▸ EXERCISE INSTRUCTIONS
Apart from the images, every record here needs to be copied exactly.

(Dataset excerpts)
= = = = = = =
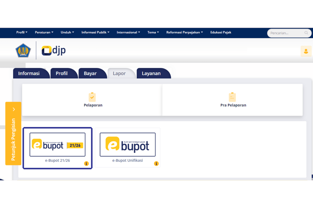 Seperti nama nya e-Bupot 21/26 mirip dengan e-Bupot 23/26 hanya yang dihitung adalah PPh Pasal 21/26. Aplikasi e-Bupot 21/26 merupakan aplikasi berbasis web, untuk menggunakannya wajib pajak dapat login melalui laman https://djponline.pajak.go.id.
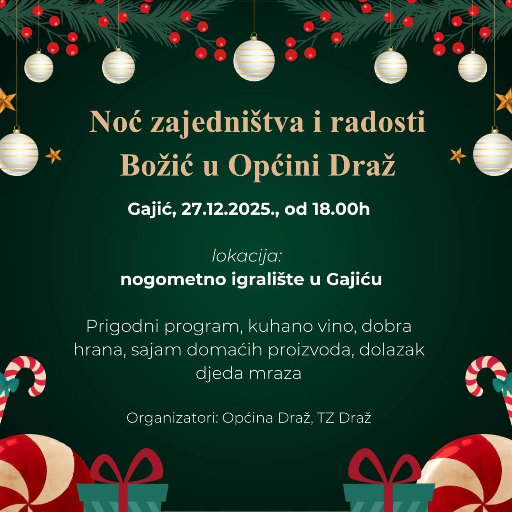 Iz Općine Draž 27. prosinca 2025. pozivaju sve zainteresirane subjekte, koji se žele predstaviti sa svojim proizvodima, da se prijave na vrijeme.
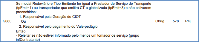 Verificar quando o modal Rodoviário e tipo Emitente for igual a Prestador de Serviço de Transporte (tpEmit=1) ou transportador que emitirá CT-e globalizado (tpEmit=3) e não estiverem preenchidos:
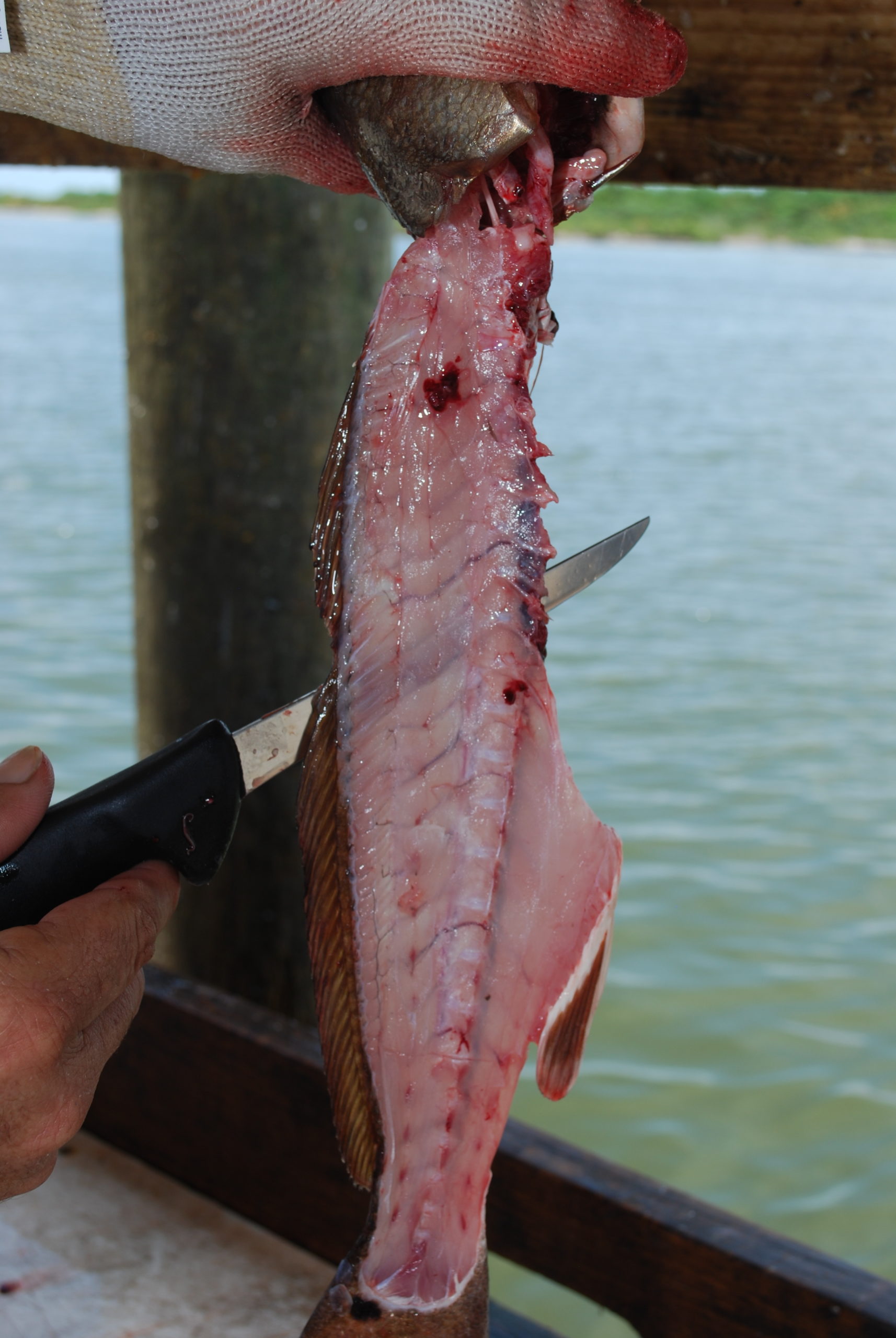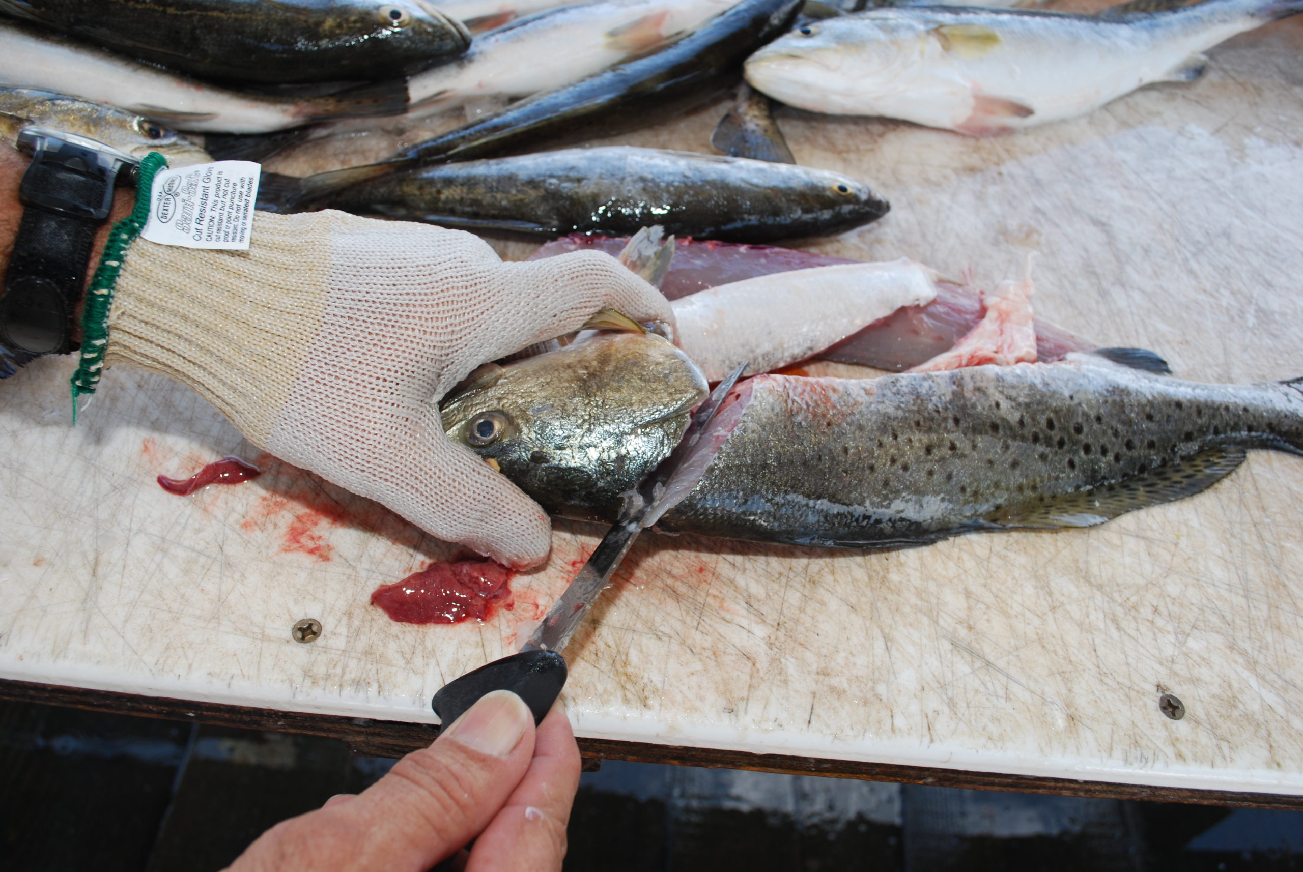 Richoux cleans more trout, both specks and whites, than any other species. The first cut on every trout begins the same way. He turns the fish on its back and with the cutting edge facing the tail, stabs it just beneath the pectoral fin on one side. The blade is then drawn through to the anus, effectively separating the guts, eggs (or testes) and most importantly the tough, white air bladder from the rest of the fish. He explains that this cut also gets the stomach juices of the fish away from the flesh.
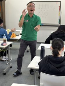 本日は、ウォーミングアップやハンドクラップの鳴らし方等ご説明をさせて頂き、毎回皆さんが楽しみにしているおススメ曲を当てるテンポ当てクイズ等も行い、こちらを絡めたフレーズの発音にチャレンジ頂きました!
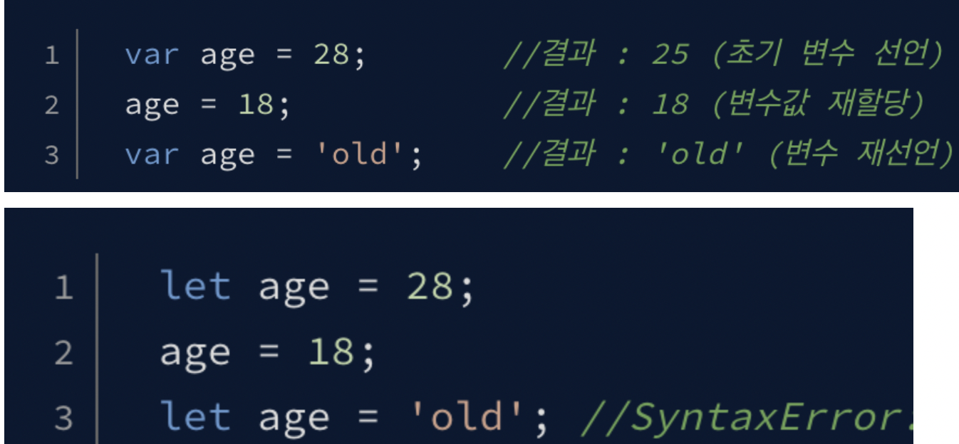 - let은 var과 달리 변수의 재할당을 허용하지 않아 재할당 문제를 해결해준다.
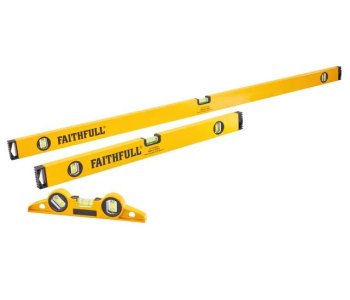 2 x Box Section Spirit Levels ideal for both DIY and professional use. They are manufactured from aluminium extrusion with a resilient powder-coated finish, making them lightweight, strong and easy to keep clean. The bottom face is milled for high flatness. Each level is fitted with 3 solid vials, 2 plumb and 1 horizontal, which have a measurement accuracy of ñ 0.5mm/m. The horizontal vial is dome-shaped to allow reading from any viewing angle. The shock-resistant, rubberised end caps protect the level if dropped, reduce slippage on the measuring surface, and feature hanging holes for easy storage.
= = = = = = =
▸ TASK ANSWER
 Seperti nama nya e-Bupot 21/26 mirip dengan e-Bupot 23/26 hanya yang dihitung adalah PPh Pasal 21/26. Aplikasi e-Bupot 21/26 merupakan aplikasi berbasis web, untuk menggunakannya wajib pajak dapat login melalui laman https://djponline.pajak.go.id.
 Iz Općine Draž 27. prosinca 2025. pozivaju sve zainteresirane subjekte, koji se žele predstaviti sa svojim proizvodima, da se prijave na vrijeme.
 Verificar quando o modal Rodoviário e tipo Emitente for igual a Prestador de Serviço de Transporte (tpEmit=1) ou transportador que emitirá CT-e globalizado (tpEmit=3) e não estiverem preenchidos:
 Richoux cleans more trout, both specks and whites, than any other species. The first cut on every trout begins the same way. He turns the fish on its back and with the cutting edge facing the tail, stabs it just beneath the pectoral fin on one side. The blade is then drawn through to the anus, effectively separating the guts, eggs (or testes) and most importantly the tough, white air bladder from the rest of the fish. He explains that this cut also gets the stomach juices of the fish away from the flesh.
 本日は、ウォーミングアップやハンドクラップの鳴らし方等ご説明をさせて頂き、毎回皆さんが楽しみにしているおススメ曲を当てるテンポ当てクイズ等も行い、こちらを絡めたフレーズの発音にチャレンジ頂きました!
 - let은 var과 달리 변수의 재할당을 허용하지 않아 재할당 문제를 해결해준다.
 2 x Box Section Spirit Levels ideal for both DIY and professional use. They are manufactured from aluminium extrusion with a resilient powder-coated finish, making them lightweight, strong and easy to keep clean. The bottom face is milled for high flatness. Each level is fitted with 3 solid vials, 2 plumb and 1 horizontal, which have a measurement accuracy of ñ 0.5mm/m. The horizontal vial is dome-shaped to allow reading from any viewing angle. The shock-resistant, rubberised end caps protect the level if dropped, reduce slippage on the measuring surface, and feature hanging holes for easy storage.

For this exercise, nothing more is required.